Moreover, Hœc Sancta was not a statement made out of the blue, and it is worth looking closely at its antecedents to see the circumstances which shaped it in the form in which it was decreed. It has its authority because it was passed in the fifth general session of the Council on 6 April 1415.11 It was needed because, on 20 March, John XXIII had stealthily fled from Constance in an attempt to break up the Council. His flight was itself the result of political calculations. John counted on the initial protection of Duke Frederick of Austria, and his objective may have been a refuge with the Duke of Burgundy. The Pope relied on Frederick’s hostility to Sigismund, King of the Romans and of Hungary, and on Burgundy’s to the French court; for Sigismund was Protector of the Council and the principal rallying point for John’s own critics, and the royal envoys from France were bound to be another focus of influence. They were not so inveterately hostile as Sigismund and they had not been at Constance long, but they had just veered towards the antipapal camp shortly before John fled.12
The reaction to John’s flight in Constance neatly illustrates the council fathers’ need both for firm political direction and for ideological conviction. Two actions frustrated the papal plan for undermining the Council. On the morning after the discovery that John had fled, Sigismund rode round the city with an escort and trumpeters, proclaiming the Pope’s defection and urging everyone to stay in the city since “all shall be secure in life and property and better protected than before.”13 This served initially to prevent panic: only his immediate associates followed the Pope. The other mainstay was John Gerson, Chancellor of the University of Paris and delegate of the French king. Gerson carried more prestige than any other of the many academic figures assembled for the Council. A day or so later he occupied the cathedral pulpit and delivered a resounding battle-cry for the Council’s superiority over the Pope, in terms more extreme than was later claimed in Hœc Sancta.14 Without these two neutralizing measures, one on the ideological plane, the other on the political, there might have been no Hœc Sancta, nor any further decrees from the Council of Constance.

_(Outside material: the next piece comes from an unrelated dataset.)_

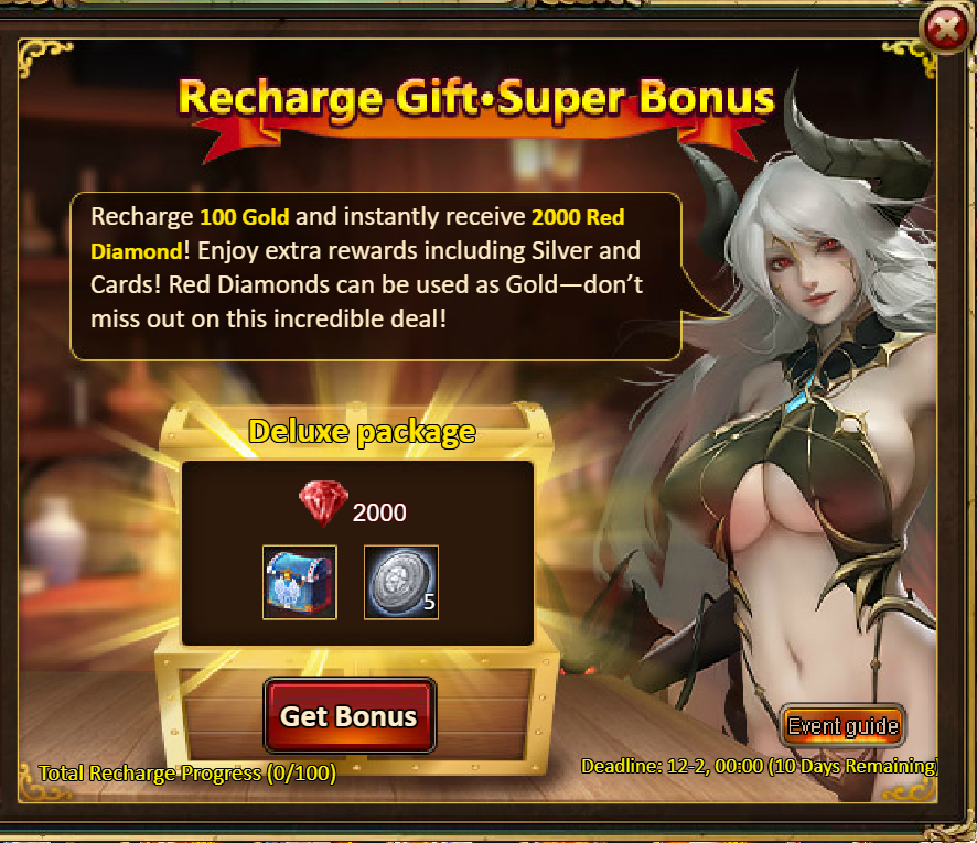 2.Red Diamond Storm: Red Diamond*2000 / Angel Box*1 / Silver*50,000

The formulation of the very terms of Hœc Sancta was the product of political pressures. To abbreviate a complicated story, Sigismund had succeeded in tempering the terminology of the more radical groups in the Council so as to obtain a wording which the cardinals would accept; but no sooner was the accommodation made, than the news that John XXIII had fled further down the Rhine so aggravated all parties that everyone accepted the formulation of 6 April, endorsing a firmer expression of the Council’s jurisdiction.15
In this respect Pope John played into the hands of the more radical elements, who were probably in a minority. They had been able to prevail in the discussions before and after John’s flight because the Council of Constance had adopted the novel practice of voting by nations in order to offset the preponderance of Italians. Delegates who had a rough and ready political coherence, more often traditional than actual, debated together and decided the policy of their nation. Four nations were represented in the early months at Constance, the Italians, French, Germans and English, and when the four were agreed, the policy of the Council on that matter was settled. When a similar division had been adopted earlier for consultation or for some other reason, the English had normally been counted as part of the German, or northern nation. It was a political measure, again, that had introduced the division by nations into the procedure of the assembly at Constance; and it was political objectives which had levered the comparative handful of English representatives into this position of influence.16
This last point about the ambitions of the English I must leave as an unsubstantiated opinion, if there is to be space to demonstrate that Constance was not the only one of the councils of the fifteenth century to be submitted to political pressures.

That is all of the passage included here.